By now nothing could surprise me. "Yup over here mate." I pointed him in the general direction of his table. I figured he would find it OK seeing as he had avoided capture by the Mexican authorities for years. I went to the bar and fixed myself a quick shot of Powers. This was getting ridiculous. With two places left to be filled I wouldn't have been surprised if Jesus and Baby Spice had arrived together holding hands singing "She'll be coming round the mountain."

But before I could wipe the whiskey from my lips I heard a soft but deep French voice coming from the doorway.

"Allo, où est chacun ? It is me, Eric. Allo?

And there he was, Eric Cantona, in the flesh standing bold as brass in my restaurant. Well I could have peed.

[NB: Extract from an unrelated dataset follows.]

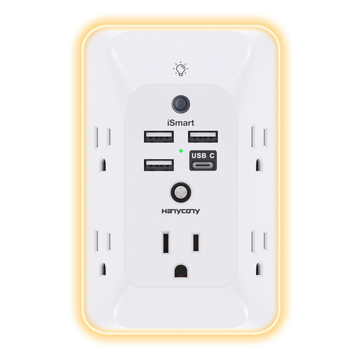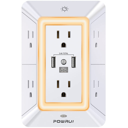 View full detailsMulti Plug Outlet Surge Protector - POWRUI 6 Outlet Extender with 3 USB Ports (1 USB C) and Night Light, 3-Sided Power Strip with Adapter Spaced Outlets - White,ETL Listed
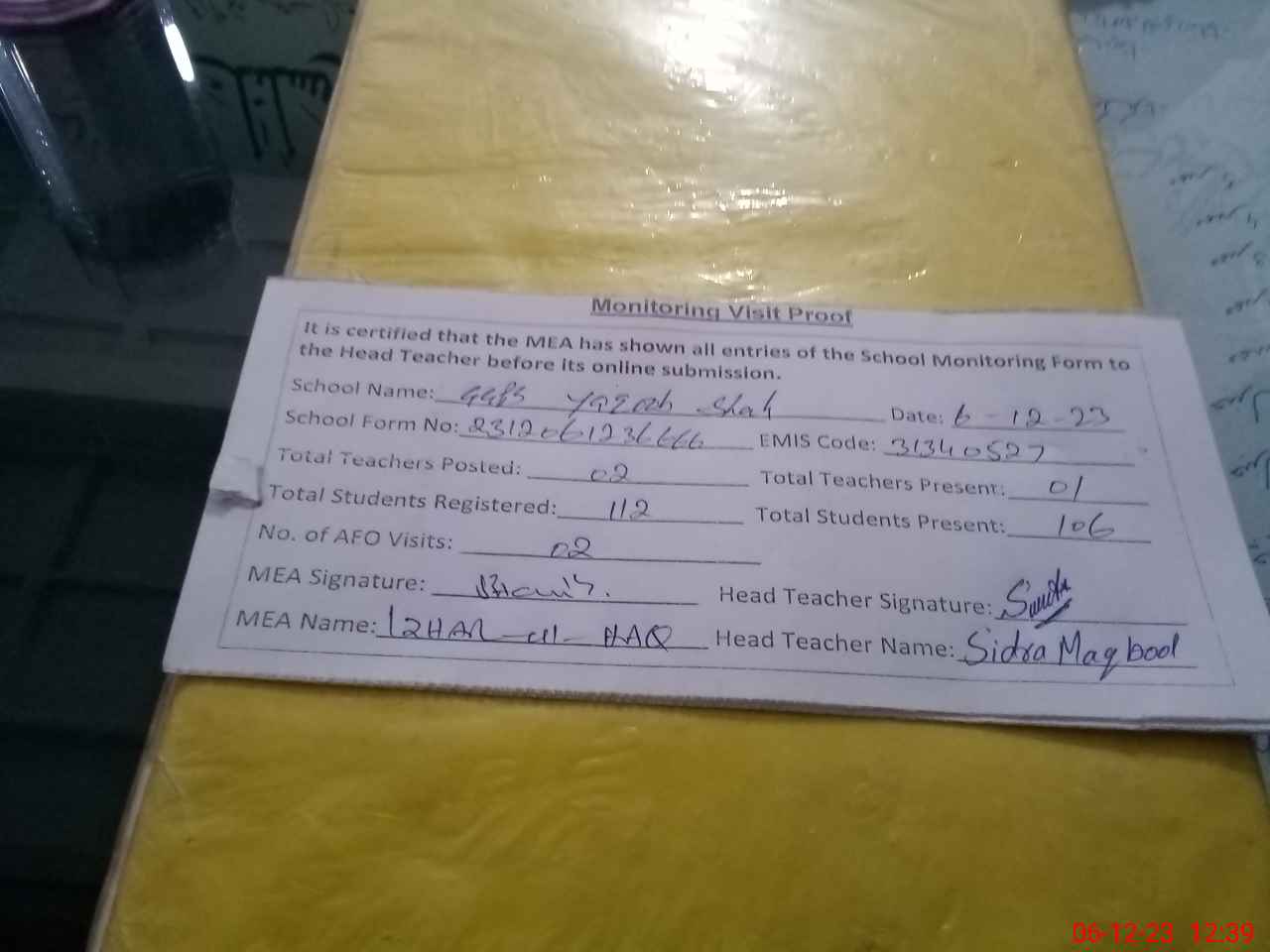 | EMIS Code: 31340527 | Name of School: GGPS YAQOOB SHAH | |||

"Table. Elite. What? This way." Each word was said with more and more confusion. My head was pickled. I walked Monsieur Cantona to the table. He greeted each person individually. Kissing Joan and Liv on the hand. He lingered a bit longer with Liv. Well you would. But his warmest greeting was for Roy. They hugged and back slapped each other for more than two minutes. Much to Humphrey Bogart's annoyance.

Bogey took charge at this point. "Well see, we are all here. The kid ain't coming so lets order. I got plans see. Hey kid, you got menus here or do we gotta guess what's to eat?"

I ignored the rather heavy hint of sarcasm and headed to get the menus. It was Humphrey Bogart after all. Was I really going to backchat one of the finest actors of a generation? I approached the table ready to relay the specials and the soup. I took a look round the table for a moment, Roy Keane, Richard Pryor, Joan Rivers, Morrissey, Humphrey Bogart, Larry David, Eric Cantona Subcomandante Insurgente Marcos and the majestic Liv Tyler. Fuck me this was going to be interesting. As I stood there staring at them I failed to realise that they were staring at me.

"Yo cutie, the cat got your tongue?" Joan Rivers voice snapped me out of it and I smiled. But before I could get my first word out the door burst open again. There, drenched in rain which caused her makeup to run and looking like she had been on a five day drugs and drink binge, stood Courtney Love. She had a bottle of Jack Daniels in one hand and a salmon in the other.

"Hello boys, you weren't going to eat without me where you?" She slurred this with a manic grin on her face.

That's when the night really started....

10 People trying to get Manuel's attention:

Megan McGurk said...

Brilliant.
"Treasure of Sierra Madre" is one of my favorites as well.
One of the best scenes occurs when Bogart turns to Wallace Beery and says something close to:
"Well, that's fine for you 'cause you're old,see, but I'm young, see? And I need dough, see?"
Classic.
But I'm guessing that if Morrissey sat down next to Joan Rivers that the cow would never leave the table in tact.
Oh, and yes, Larry David would have water, except for when he was trying to be goyim on the plane with the G&T.

Sam, Problem-Child-Bride said...

Larry David's Jewish?

I'm kidding. Honest! Look, everyone knows he's a Buddhist - he's a karmic genius, isn't he?

This is great!

whyioughtta said...

Nice one. Looking forward to Part II...

p.s. Yeah, Courtney's a mess, but I still think Live Through This was one of the awesomest rock albums of the 90s. I'll never let that go. You have your 12-inch U-shaped hair and I have Miss World.

ellie said...

Roy Keane and Eric Cantona, Mmmmm Mmmmm Mmmmmmm. Keano's thighs. Mmmmmmmmmm.

Old Knudsen said...

I just worked it out, you work in the Pancake hoose in Smithfield just doon from the surplus shops, only a high class place like that would get such a crowd of um stars can you call them?

ellie said...

LMFAO @ The Pancake House. Made my day that one!

fatmammycat said...

Bravo! And Encore!

Megan McGurk said...

Hey Manuel, I just read that Larry and Laurie David are getting divorced after 14 years of marriage. His bitterness may translate into good comedy for the show.

Manuel said...

Medbh: Bogey was geniuS see. The dialogue in his movies was was so good. All that stuff like "Dames" and "wiseguys"was just so good.

Sam: awh cheers

Wio: part 2, next week!

ellie: settle....

old K got it! Well done you.

ellie: dont encourage him

fmc: again thank you, more to come soon

medbh: other peoples pain is the best pain.